Woohoo – I’m on a roll. I’m pleased. No what am I saying… I’m as happy as a church mouse that’s discovered a stash of Double Gloucester in the vestry on the cat’s day off.

However, the idea of someone, a real person buying the book really tickles me. I’ve sold articles and the odd short story but never a book. It feels more personal – an act of faith on the part of the reader. I wonder if it will bore, amuse, irritate or even get read at all? Will they delete it or file it for posterity? Perhaps they’ll say it was all a mistake; that they got their cursor crossed and really wanted “Time for Your Lies – a Beginner’s Guide to Telling Porkies”.

I mentioned the book to Telephone Repair Man this morning. I’d made him a cup of copper-coloured tea after he’d been freezing his whatnots off up a ladder fixing the phone line.
“Have you made any brass from it?” he asked in typical direct Yorkshire fashion.
I had to be honest about the anaemic sales figures.
“Thought not.” He supped his tea.
“Are you famous at all?”
I admitted the path to my door was unbeaten.
“Thought not”.
I bridled inwardly (is that physically possible?)but I’ve picked up the gauntlet along with several dozen bits of snipped off wires. I’ll show him. And this is where I’ll need your help.

All you need to do is click on this link and make the appropriate donation to the Make Sheila Famous and Confound all Telephone Repair Men Fund.

Ta very much.

Hearing Voices Revisited

I’m in yet another quandry with my characters and the use of accents, regional and national, in my dialogue.
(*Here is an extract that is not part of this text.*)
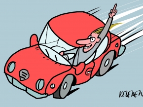 Heti rajzunk készítője Kelemen István, karikatúrájának címe: Elavult kerékbilincsek.
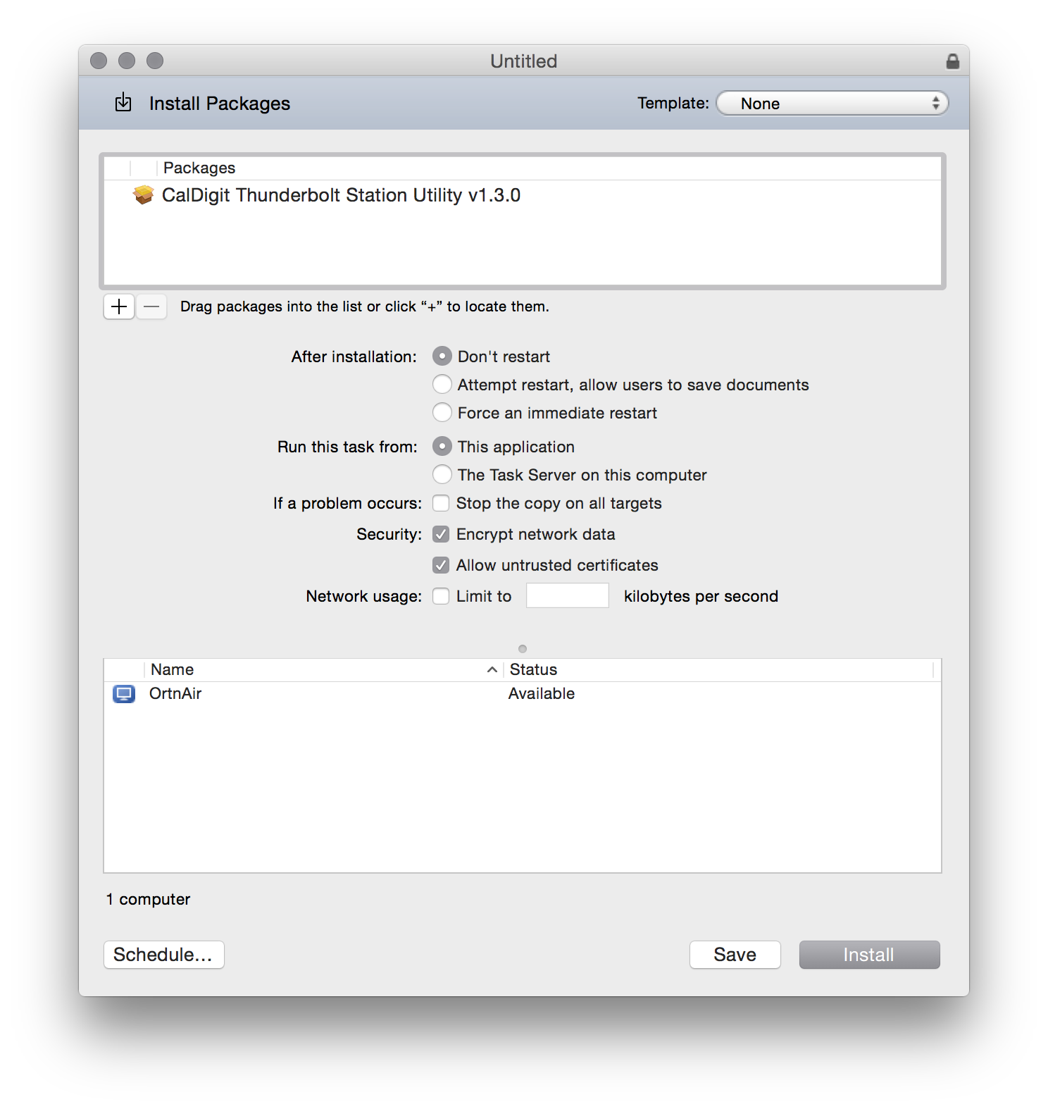 Az illusztráció során egy meghajtóprogram telepítését kell végrehajtani: a kliens gépeket kell alkalmassá tenni a CalDigital Thunderbolt Station 2 fogadására, és ehhez telepíteni szükséges a gyártó által biztosított meghajtóprogramot. A telepítés módja, hogy kiválasztjuk a klienst vagy klienseket, amelyeken a telepítést végre kívánjuk hajtani, és az eszköztár Install / Telepítés gombjára kattintva megjelenő ablak felső részén, a Packeges / Csomagok mezőben hozzáadjuk az adott telepítőt. Ez történhet egérrel behúzással vagy a plusz jelre kattintva történő hozzáadással. Fontos, hogy nem csak egy, hanem akár egyszerre több csomagot is telepíthetünk.

At the start of the book the action takes place in France and, not unreasonably, most of the characters are French. So the question vexing me is what to do with the dialogue? Is it enough for the reader to know that the characters are French and so write the dialogue in the normal way. Or iz it zat zee words needz to ‘ave lotz of zee’s? Peut-etre mes amis, it would be better just to throw in a few well-known French phrases, n’est-ce-pas?

Then again, what about the regional accent? In historical novels and family saga types, dialogue containing regional accents seem to be used in many cases to denote characters of, shall we say, lesser status? The faithful servant, humble henchman and their ilk. In Space Opera a sprinkling of made-up words and an accent is permissible and of course in edgy, gritty Northern (England) based tales it’s obligatory.

I’ve checked out Austen and the Bronte’s. Austen never permits anything but the King’s English whilst the Bronte’s allow their menials to mangle their vowels. Perhaps I should be guided by Charlotte B who allows Mr Rochester’s French ward the odd phrase – tiens, oh ciel .

I turned to TV to see how scripts are handled and listened to an episode of Agatha Christie’s OCD detective Poirot, admirably played by David Suchet. What gives him away is a sprinkling of French phrases, a few literal translations and the rearranging of words in sentences. So we get, “tell to me if you please, mon ami, how is it that the butler was to be found in the library?”

I suppose script writers don’t have quite the same problem – I guess they would only need to indicate some verbal idiosyncracy like “he speaks as though chewing a mouthful of walnuts”. It would be the actors themselves who decide how to deliver their lines.

So, iz a puzzlement. I must set the little grey cells to work n’est-ce pas?